Spiritual Formation among Students at Christian Seminaries: Mature Alterity, Symptoms, and Well-Being

DESCRIPTION: Mature alterity is a key marker of spiritual formation. We used person-centered data analytic techniques to empirically generate subgroups differentiated by their profile on dimensions of the relational spirituality model (RSM). Four RSM dimensions were derived from factor analytic techniques on fifty items from eight measures of religiousness/spirituality and self-regulatory strengths. We used a sample of students from eighteen North American seminaries (N = 867; Mage = 31.95; 50% male; 60% White). Latent profile analyses at times 1 and 2 generated four subgroups differentiated by RSM dimensions. One subgroup, labeled the regulated seekers, represented a balanced profile of moderate acceptance of doubts as positive, low-to-moderate divine struggles and moderate interpersonal struggles, low-to-moderate anxious attachment to the divine, moderate dwelling, and consistent elevated regulation. The regulated seekers also depicted mature alterity, reporting moderate-to-high gratitude and other-forgiveness, low grandiosity, low right-wing authoritarianism, lower illusory religiousness/spirituality, and low materialistic and moderate-to-high contemplative prayer frequencies. They also reported a flourishing profile of lower symptoms, higher positive emotion, and moderate life purpose and higher belongingness. Latent transition analysis results showed that membership in this subgroup was largely stable over time. When the regulated seekers did switch subgroups, they tended to move to the subgroup whose RSM profile was characterized by greater dwelling. Findings offered support for the RSM and highlighted the need for monitoring spiritual formation using judicious assessment of RSM dimensions, mature alterity, and flourishing, along with discerning between greater religiousness/spirituality and mature alterity, which may not be synonymous.

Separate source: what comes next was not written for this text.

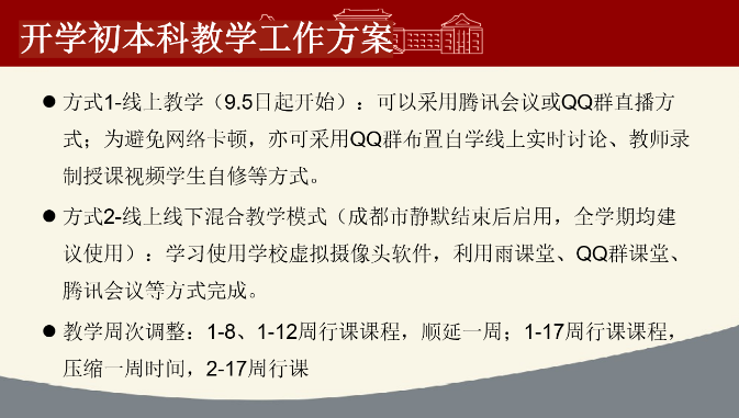 自9月5日起开始,本科教学开启线上教学,可以采用腾讯会议或QQ群直播方式;为避免网络卡顿,亦可采用QQ群布置自学线上实时讨论、教师录制授课视频员工自修等方式。建立课程QQ(微信)群,并通知到每一位员工。做好备课工作,提前确认用于上课的网络环境能否满足要求,电脑摄像头、音频、耳机等设备能否正常工作;课程网站建立与维护,公示课程大纲,考核方式,教学要求等;提供基本的课程学习资料——课件、线上讨论题目、作业等;建议上课老师使用至少两个设备:电脑开启腾讯会议用于直播;手机或者另外一台电脑用于课堂讨论(开启QQ或者微信,观察员工在QQ群的发言)。加强课堂互动,课堂抽问,讨论、练习等形式,确认员工在听课;助教线上协助教师签到、观察课堂表现、课堂提问等;布置作业,可线下或者线上做,扫描方式提交;课后答疑,每次课程结束最好能做一个线上调查,及时反馈。

KEYWORDS: open access / free access; flourishing; mature alterity; mixture modeling; relational spirituality; spiritual formation

CITATION: Jankowski, Peter J., Steven J. Sandage, and David C. Wang. 2026. "Spiritual Formation Among Students at Christian Seminaries: Mature Alterity, Symptoms, and Well-Being." Pastoral Psychology 75 (1): 1–24. https://doi.org/10.1007/s11089-025-01276-6.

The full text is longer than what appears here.